[Recorded data]
------------------------------------------------------------
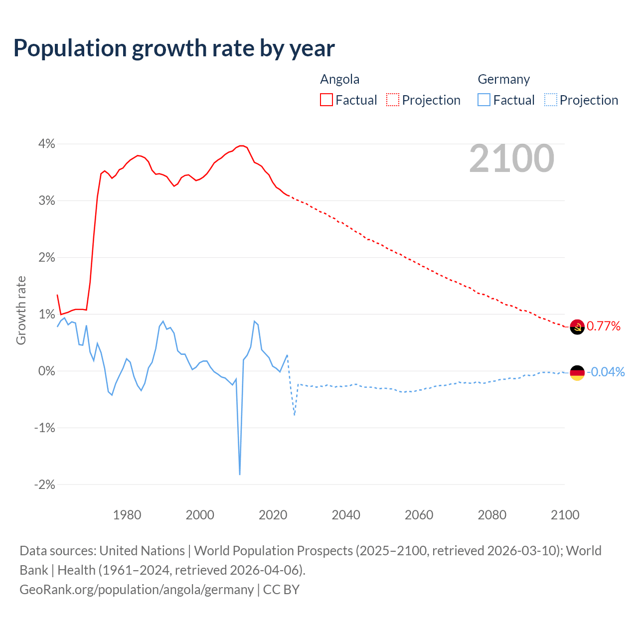 Angola vs Germany: population by year and forecast
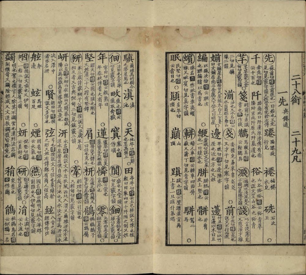 附釋文互注禮部韻略下平聲第二:一先(與僊通)、二僊、三蕭(與宵通)、四宵、五爻(獨用)、六豪(獨用)、七歌(與戈通)、八戈、九麻(獨用)、十陽(與唐通)、十一唐、十二庚(與耕清通)、十三耕、十四淸、十五靑(獨用)、十六蒸(與登通)、十七登、十八尤(與侯幽通)、十九侯、二十幽、二十一侵(獨用)、二十二覃(與談通)、二十三談、二十四鹽(與添嚴通)、二十五添、二十六嚴、二十七咸(與銜凡通)、二十八銜、二十九凡
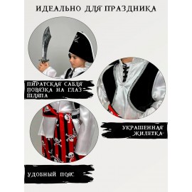 Карнавальный костюм Маленький пират размер 32 122-128 – отлично подойдет для утренника в детском саду, для новогодней вечеринки, для костюмированной сценки по мотивам русских народных сказок.
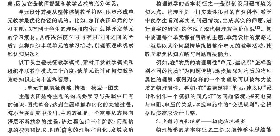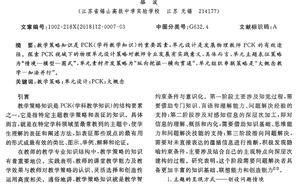 推荐理由:从单元设计的视角表征研究主题,有利于教师学科教学知识的丰富,形成灵活有效的教学策略,有效提升物理教师PCK。
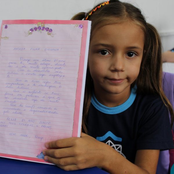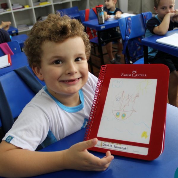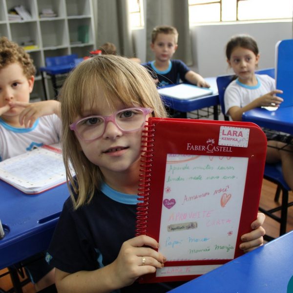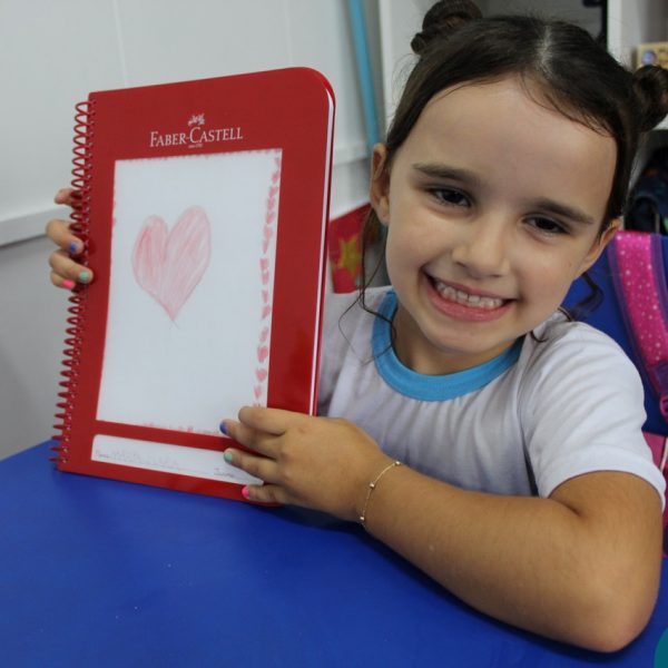 A atividade, intitulada “A festa do caderno” contou com diversas atividades, dentre elas, a caça ao tesouro, no qual as crianças embarcaram no desafio de desvendar o mistério do desaparecimento dos cadernos e ainda, a leitura da cartinha com recados e incentivos dos pais para os filhos, como forma de motivação para o início dessa etapa mágica na vida das crianças que é a alfabetização.
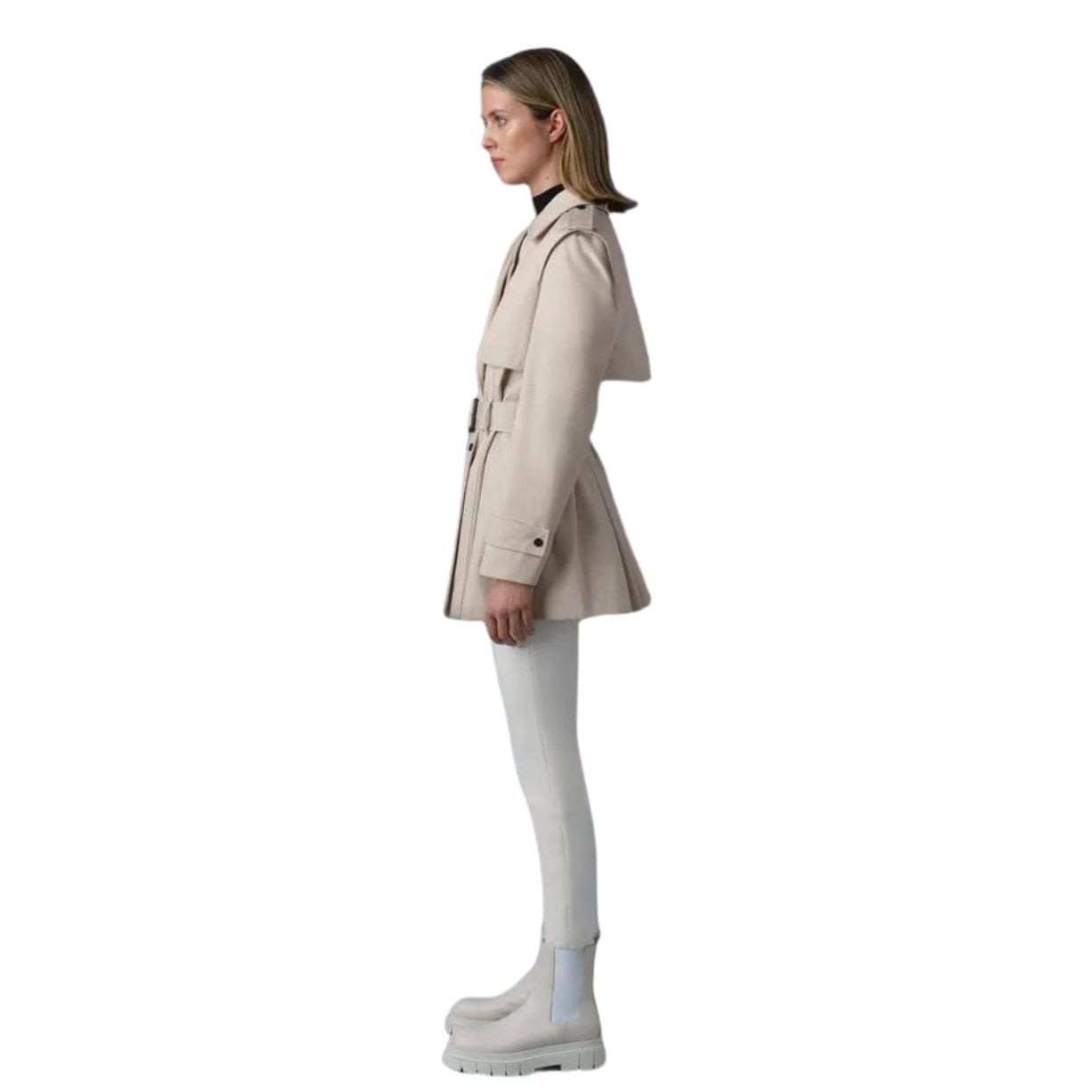 The Mackage Adva Mid-Length Buckled Belt Trench is a mid-length trench coat made from a cotton-blend twill. It features a wide notched lapel, epaulette shoulders, and rainshedder detailing for classic styling. The semi-fitted silhouette is accentuated by a removable belt and a pleated peplum, offering a touch of luxury to this timeless piece.
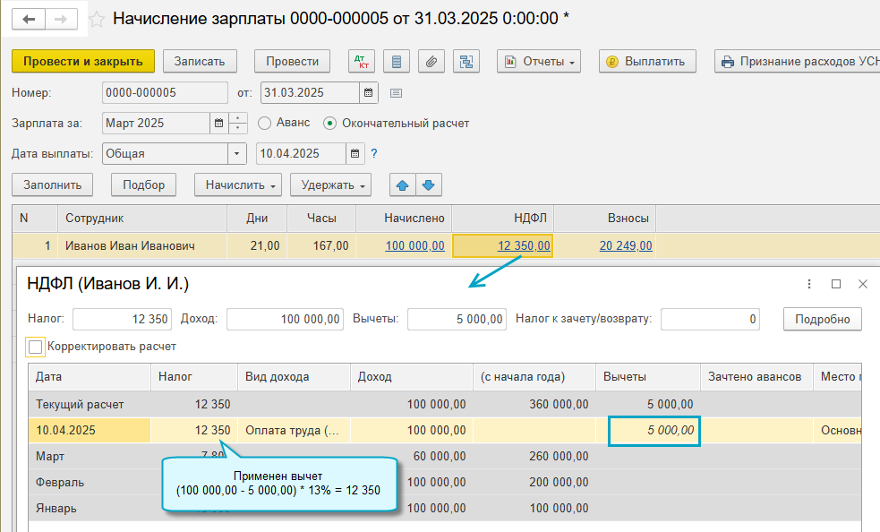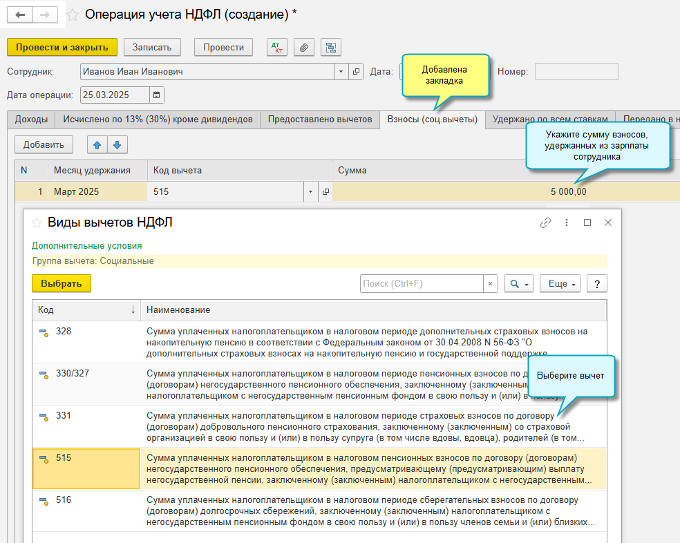 Чтобы применить вычет, его сумму требуется зафиксировать в документе "Операция учета НДФЛ".
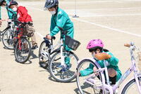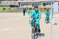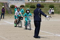 駐在さんや交通指導員さんが子供たちに直接指導をしてくださり、低学年は道路を渡る練習、3年生以上は自転車の安全な乗り方を学習しました。
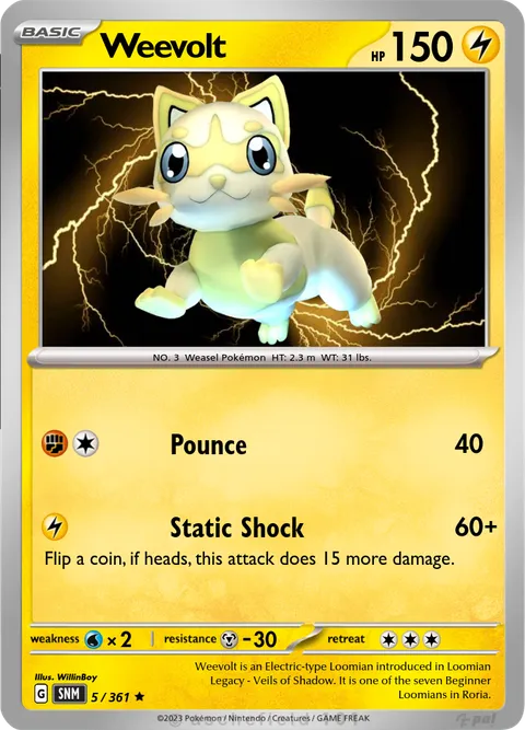 NO. 3 Weasel Pokémon HT: 2.3 m WT: 31 lbs.illus. WillinBoy#5/361Weevolt is an Electric-type Loomian introduced in Loomian Legacy - Veils of Shadow. It is one of the seven Beginner Loomians in Roria.Created by @WillinBoy on 23 November 2023
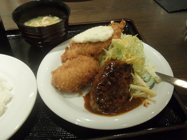 GPS | Frikadelle, Fisch, Reis, Salat, Kartoffelbällchen und Mizusuppe |
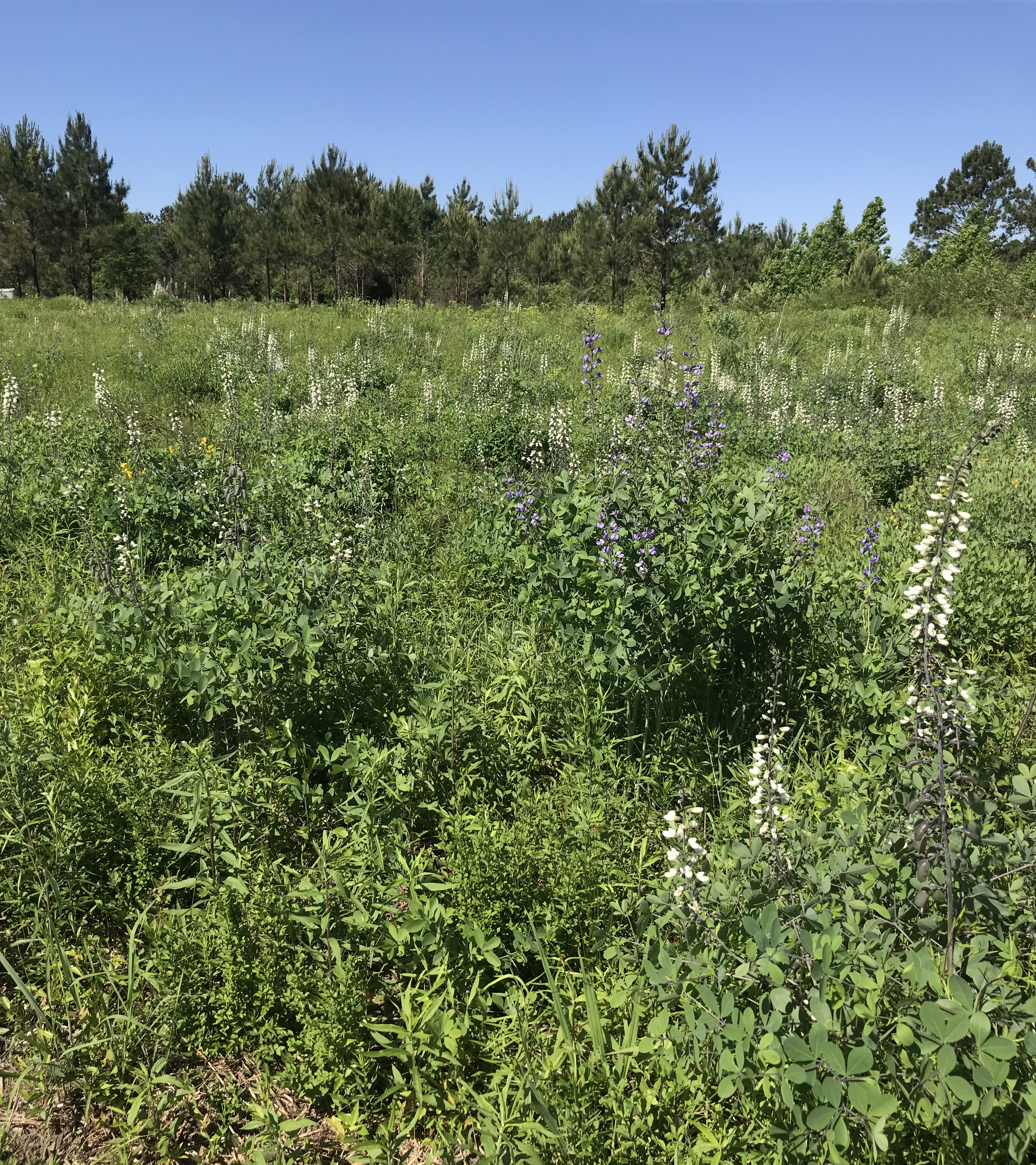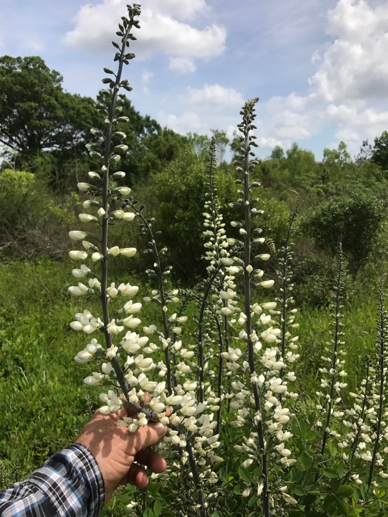 white and blue baptisia at the seed farm, Henleyfield, Mississippi
------------------------------------------------------------
Try it: Counting the line with "NO. 3 Weasel" and the last line of the data above, transcribe those two lines and every line between them exactly, without the pictures.

Written response:
 NO. 3 Weasel Pokémon HT: 2.3 m WT: 31 lbs.illus. WillinBoy#5/361Weevolt is an Electric-type Loomian introduced in Loomian Legacy - Veils of Shadow. It is one of the seven Beginner Loomians in Roria.Created by @WillinBoy on 23 November 2023
 GPS | Frikadelle, Fisch, Reis, Salat, Kartoffelbällchen und Mizusuppe |
 white and blue baptisia at the seed farm, Henleyfield, Mississippi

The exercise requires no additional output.